Compost is a wonderful way to add nutrients to the soil. Not only will it make your garden or lawn healthier, but it will attract beneficial nitrogen-producing bacteria to your compost pile. It will also act as a mulch, blocking out weeds, and will save you money by reducing your garbage bill. By the end of the year, you’ll have saved yourself 52 garbage bags! And it’s fun! Even your kids can help. Compost piles can be made from kitchen scraps, like eggshells or even chickpeas.

Making Compost

If you want to make compost at home but hate the smell, you can use a bin. Place your bin on a wide plastic tray to catch the liquid that comes out of the lower air holes. Outdoor composting is also an option if you have a lot of lands. For those who don’t mind the smell, composting is a great way to recycle household waste. Not only is compost a great organic fertilizer for your garden, but it also improves the soil’s composition and water retention.

If you’re a beginner, you’ll find the process of composting to be overwhelming at first. Not everyone has the time to sort through piles of decomposing material. But the benefits of composting are worth the effort, and this hobby will also improve your wallet. There are several simple tips to get started and keep your composting project going smoothly. Just make sure you follow these five tips for beginners. You’ll be well on your way to having a beautiful composting project!

composting for beginners

Composted material breaks down overtime to make it more accessible to plants. Using compost is a great way to reduce your landfill waste. It also improves soil tilth, which makes it more fertile for plants. Whether you use it for gardening or your yard, composting is an easy process that even a beginner can begin with. Soak your food waste in compost for a few days to make it more useful to plants and wildlife.

Tips & Tricks

For beginners, the best option is to stick with the basics. Start with a kitchen compost bin and a backyard compost pile. Both are low-maintenance options. Make sure you’re not overfilling your compost bin. To avoid creating an environment where bugs thrive, remove bits of organic matter from your compost pile. Then, take out a compost bag at least once a day. After a week, it’s time to take it out again and start the process all over again.

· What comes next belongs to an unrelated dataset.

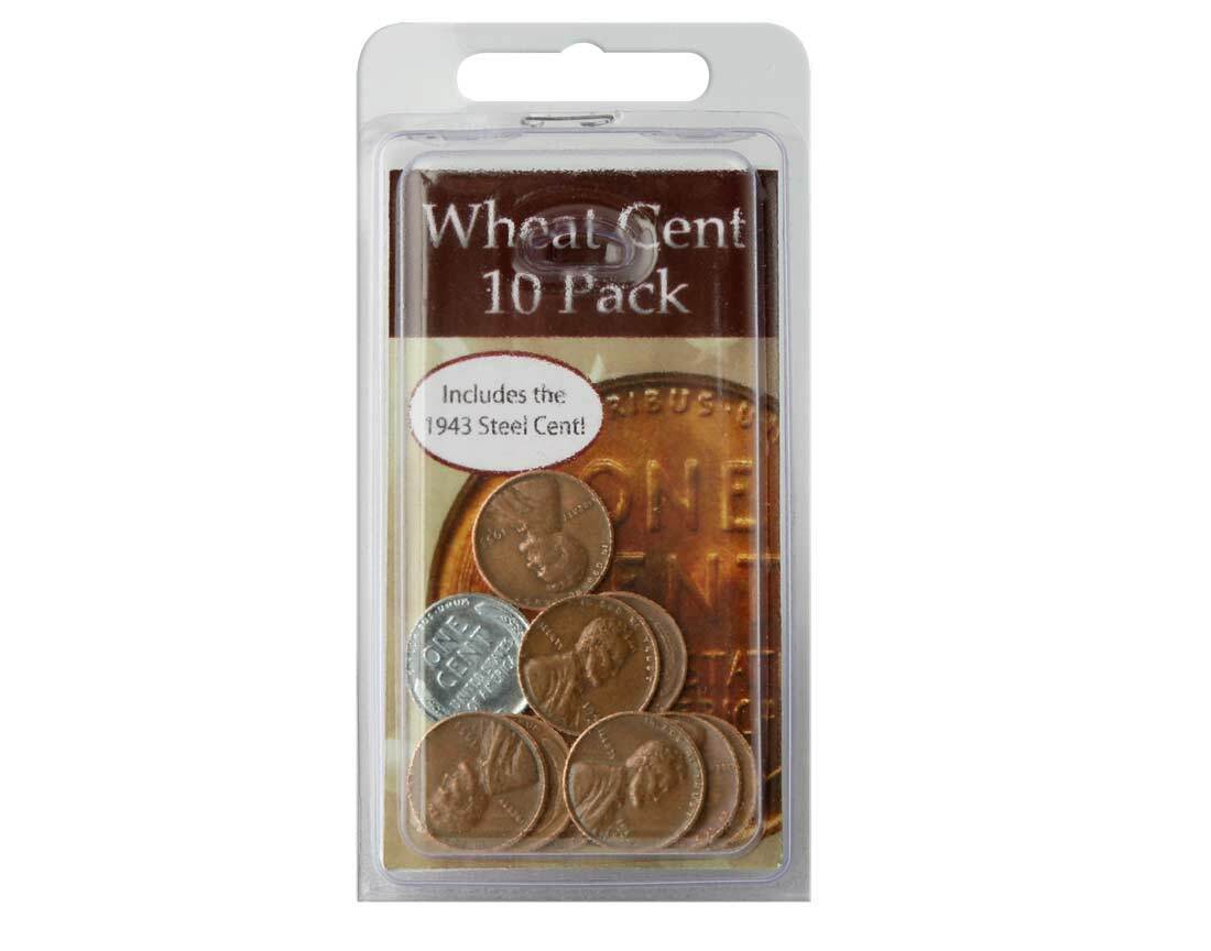 • Wheat Cent Pack: Contains 9 authentic Wheat Cents and 1 Wartime Steel Cent from 1943. Wheat Cents will vary in year from 1909 to 1958, giving you a range of coins that span nearly five decades of American history.

Before you start your compost pile, make sure that you have enough carbon-rich materials. Carbon and nitrogen are essential to all life. Most living things need twenty to thirty times more carbon than nitrogen. Platt recommends adding two buckets of carbon-rich materials for every bucket of food scraps. However, this ratio should be adjusted to the type of food scraps you have. If your compost pile is too large, you may want to divide it into smaller batches, one bucket of carbon-rich materials and another bucket of food scraps.

After you’ve prepared the compost pile, you need to place it somewhere where it won’t be disturbed. You can use a compost bin or a compost tumbler. One option is enclosed, while the other two are not. The tumbler method works best for small properties and yards waste only. However, this method might slow down the decomposition process if there is too much organic waste. Adding manure or healthy soil can help speed up the process.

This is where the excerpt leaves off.